Scalia eschews international contempt for the execution of juveniles in the United States. He also overlooks the refusal of European countries, all of which have abolished the death penalty, to turn over prisoners suspected of terrorism to the United States for fear they will be executed. And, Scalia apparently ignores the disgust felt throughout the world for the torture committed by U.S. forces in Iraq, Afghanistan and Guantánamo Bay.

As a result of Roper v. Simmons, the lives of 72 people who had not attained age 18 when they committed their crimes will be saved. Forty percent of them were sentenced to death in Bush's home state.
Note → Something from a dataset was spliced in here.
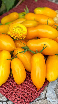 Суперурожайный сорт, имеет в кисти до 30 штук лимонно-желтых ламповидных плодов. Они упругие, мясистые, мякоть зернистая, нежная. Высокие вкусовые качества с выраженным характерным ароматом. Великолепно ведут себя на гриле и при запекании в духовке. Сорт среднеранний, индетерминантный, устойчивый к заболеваниям. Формируем в 2–3 стебля.

A study in Texas found that the current capital punishment system is an outgrowth of the "legacy of slavery."

The Supreme Court fortuitously issued its landmark juvenile death penalty decision on the National Day for the Abolition of the Death Penalty, which falls each year on March 1. By outlawing the death penalty for the mentally retarded, and now for juveniles under 18, the Court may be taking small steps toward the eventual abolition of capital punishment.

With ever-increasing numbers of death row inmates being exonerated, public sentiment favoring the death penalty is waning. The Marquis de Lafayette said nearly 200 years ago, "I shall ask for the abolition of the punishment of death until I have the infallibility of human judgment demonstrated to me."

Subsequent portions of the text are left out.